WebmasterWorld Senior Member 10+ Year Member Top Contributors Of The Month



Re: individual pages - yeah I suppose so but I was hoping to avoid it. Boring at best and it just fattens up the htaccess file.

Just tested it and you're right - the errordocument line does not like the flag.

Birdman

7:54 pm on Dec 17, 2003 (gmt 0)

WebmasterWorld Senior Member 10+ Year Member



If you prefer to just let the spiders find the new pages via your new homepage, then a standard errorDocument 404 / should do the job.

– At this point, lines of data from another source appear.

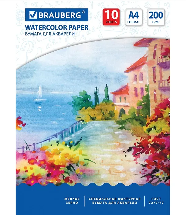 Папка для акварели А4 10л "Южное побережье" 200г/м2, BRAUBERG
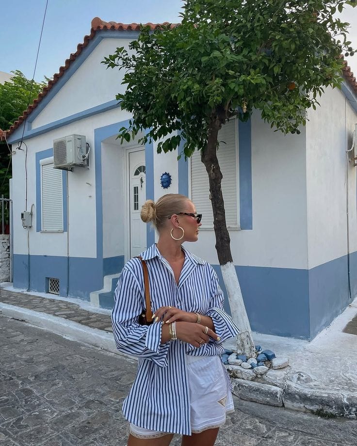 @ barbarakristoffersenShe styles an oversized blue-and-white striped cotton button-up shirt with rolled sleeves. Paired with tailored white mini shorts, it creates a fresh, laid-back coastal ensemble.
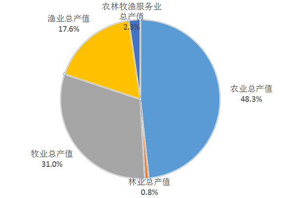 农林牧渔业分行业产值比重呈现“三升两降”态势。其中牧业总产值占农林牧渔业总产值比重为31.0%、渔业占比为17.6%,林业占比为0.8%,占比较上年同期分别增加1.0、1.8、0.1个百分点;农业、农林牧渔服务业占比较去年同期仍略有下降,占比分别为48.3%、2.3%,较去年同期分别减少2.7、0.2个百分点。
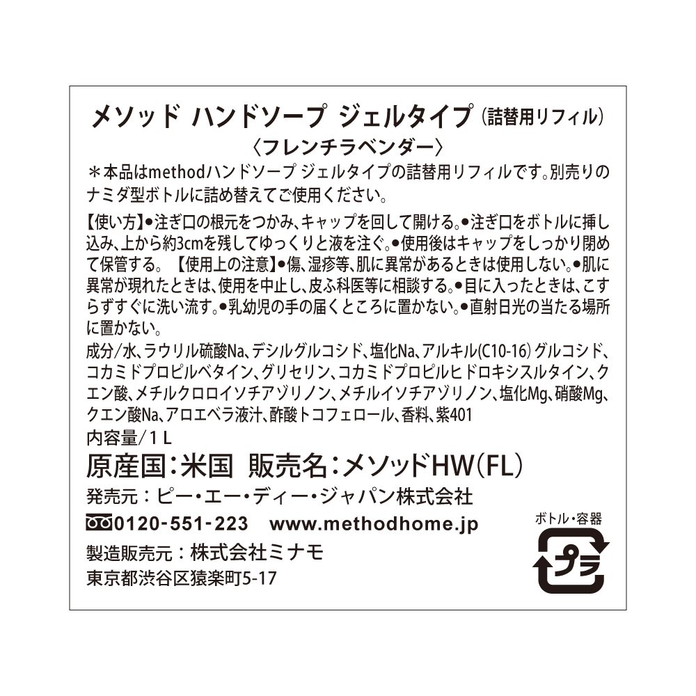 method (method) hand soap gel type refill French lavender 1000ml
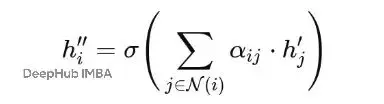 有了注意力係數αij,每個節點就可以通過聚合鄰居的特徵來更新自己的表示了:
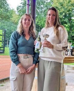 Sportwartin Kristin Lehmann (links) gratuliert Theresa Lehmann (rechts) zu ihrem ersten Clubmeistertitel.
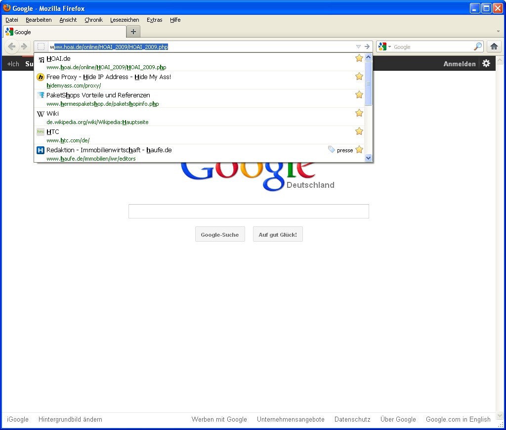 Wenn ich versuche, in die Adressleiste sowas wie "hoai" einzugeben (Lesezeichen "http://www.hoai.de"), wird der erste Buchstabe durch ein "w" ersetzt, sodass "woai" eingegeben wird. Das "w" kommt aus einem in dem Lesezeichen gespeicherten Link - bzw. aus dessen "www". Der Link an sich ist egal - schon geändert und ausprobiert.
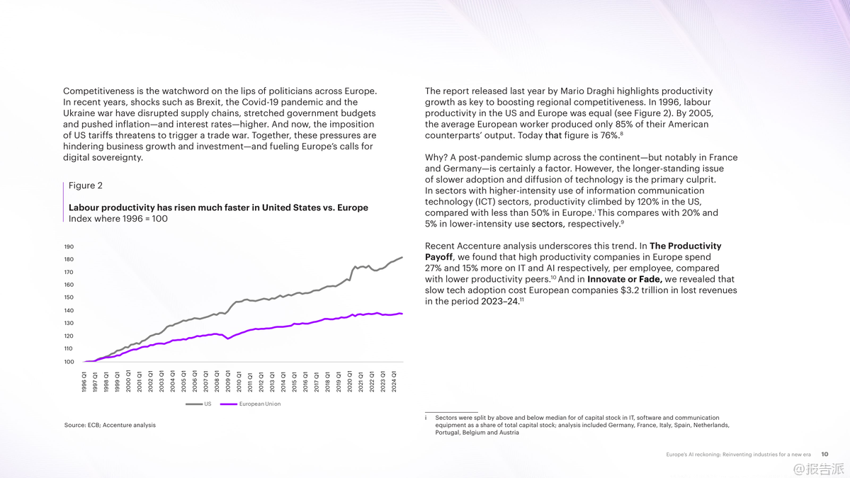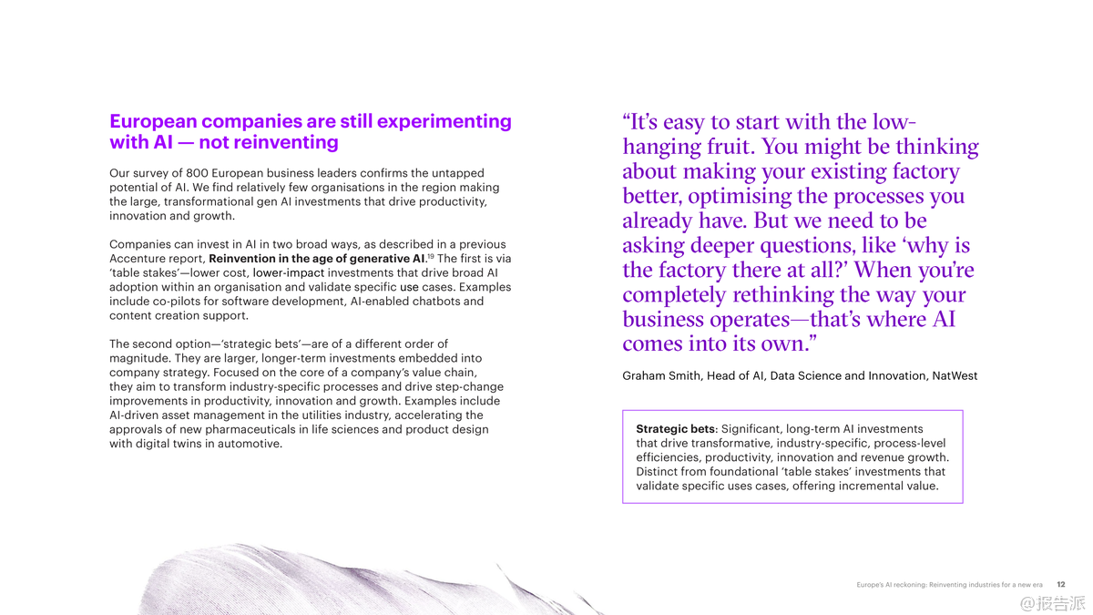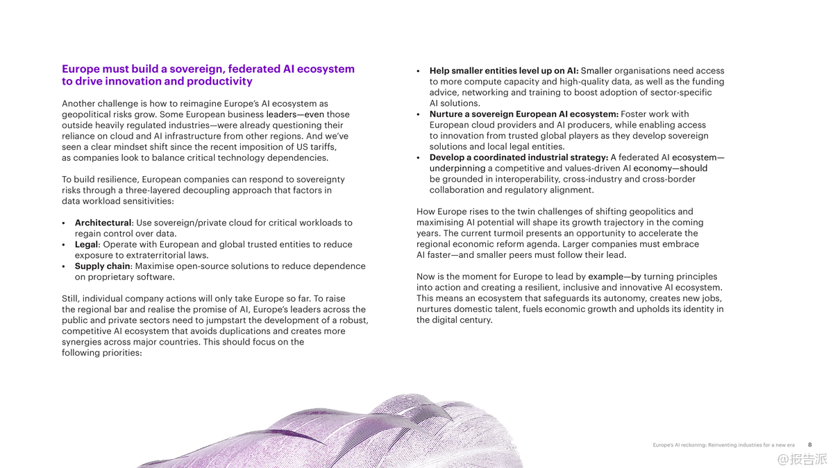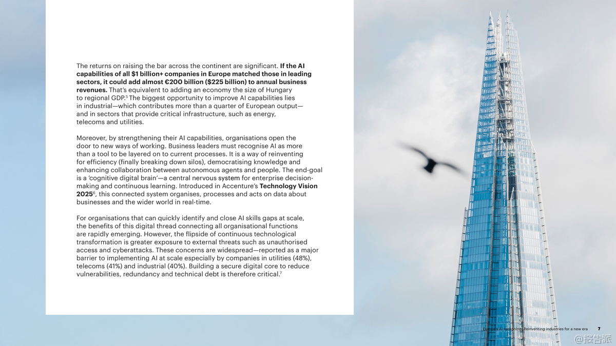 | 欧洲正面临一场深刻的AI变革。 根据埃森哲发布的《2025欧洲AI审视为新时代重塑产业格局机遇评估与把握研究报告》,人工智能被视为重振欧洲竞争力的关键引擎,但当前进展却令人担忧。 报告指出,尽管欧洲在部分领域具备技术优势,整体AI adoption仍显著落后于美国,若不加速行动,恐将拉大差距。 核心数据揭示了严峻现实:在调研的800家大型欧洲企业和公共机构中,高达56%尚未规模化部署真正具有变革意义的AI投资。 仅有8%的战略性AI项目实现全面推广,而美国同类企业的AI投资规模已是欧洲近三倍。 这种滞后背后,是长期存在的技术投入不足、碎片化市场、监管复杂以及风险资本匮乏等结构性难题。 值得注意的是,企业规模成为决定AI能力的关键因素。 营收超百亿美元的欧洲巨头在AI能力建设上已与美国同行持平(指数得分54/100),其中48%已成功落地至少一项战略级AI项目。 然而,年收入在10亿至100亿美元之间的企业,这一比例骤降至31%,其AI能力指数仅为39分。 这暴露出欧洲“长尾型”中小企业群体的普遍薄弱——它们占比较高但资源有限,难以承担高昂的AI转型成本,导致整体生态失衡。 行业层面则呈现明显分化。 汽车(70%)、航空航天与国防(63%)等高端制造业走在前列,得益于对产品设计、仿真测试等场景的深度应用。 而公用事业、电信和能源等关键基础设施行业,AI能力垫底,拖累整体转型步伐。 报告特别强调,工业部门虽贡献超四分之一的GDP且增长潜力巨大,但其AI肌肉(能力与投资综合指标)偏弱,亟需加强。 要扭转局面,报告提出三大方向:一是帮助中小企业“升级打怪”,通过共享算力、数据池和培训支持其融入AI生态;二是培育“主权AI”体系,减少对美科技巨头的依赖,发展本土云服务和可信AI解决方案;三是制定协同的工业战略,推动跨行业、跨国界的数据互通与标准统一,打造有韧性的联邦式AI生态系统。 长远来看,AI并非万能解药,但它能显著提升效率、优化决策、增强韧性。 埃森哲测算,若欧洲所有大型企业能达到领先行业的AI水平,每年可新增近2000亿欧元收入。 真正的赢家或许不是发明最好模型的国家,而是能让AI在全社会日常广泛应用的经济体。 欧洲能否抓住这次“AI觉醒”的机会,将直接决定其未来十年的增长轨迹。 出品方:埃森哲 发布时间:2025年 文档页数:44页

Are the old pages in folders or root?

jdMorgan

8:00 pm on Dec 17, 2003 (gmt 0)

WebmasterWorld Senior Member 10+ Year Member



301-redirecting that many files to your home page may look like a scam to our friends at the 'plex, too.

I'd suggest adding some explanatory (and apologetic) text, plus a text link to your home page on your custom 404-page, and also a 5-to-15 second meta-refresh redirect to your home page. This is a 302 redirect and so makes no implicit claim that the home page is a replacement for the custom error page or for the missing pages.

I've used that technique for years without ill effect in the search engines.

As Birdman says, it would be better to redirect each page to a close counterpart if one is available, and then use the method above for those that have no reasonable replacement.

You can minimize the number of code lines needed for the redirect by using the regex inline 'OR' function:


RewriteRule ^(file1¦file2¦file3¦file4)\.html$ http://www.example.com/newwidgets.html [R=301,L]

Replace the broken pipe "¦" characters with the solid pipe character from your keyboard.

Jim

lorax

8:39 pm on Dec 17, 2003 (gmt 0)

WebmasterWorld Senior Member 10+ Year Member Top Contributors Of The Month



Thanks for the help folks.

One last follow up. I mapped the missing pages and then added my 404 line:

ErrorDocument 404 /404.php

But the server chokes when I add this line. I've tried it immediately after the 'RewriteEngine on' and after my last mask (hiding dynamic pages) 'RewriteRule ^(.*)\.html$ $1.php [L] [T=application/x-httpd-php]'. When I first tested this without the additional mappings it worked. An idea as to why it's not working now?

Birdman

9:05 pm on Dec 17, 2003 (gmt 0)

WebmasterWorld Senior Member 10+ Year Member



Have you tried moving the line above "rewriteEngine on"?

lorax

9:30 pm on Dec 17, 2003 (gmt 0)

WebmasterWorld Senior Member 10+ Year Member Top Contributors Of The Month



Doesn't it need to be within the Rewrite directive?

jdMorgan

9:45 pm on Dec 17, 2003 (gmt 0)

WebmasterWorld Senior Member 10+ Year Member



No,

ErrorDocument is an Apache 'core' directive, while Rewrite**** is a mod_rewrite directive. They are handled separately.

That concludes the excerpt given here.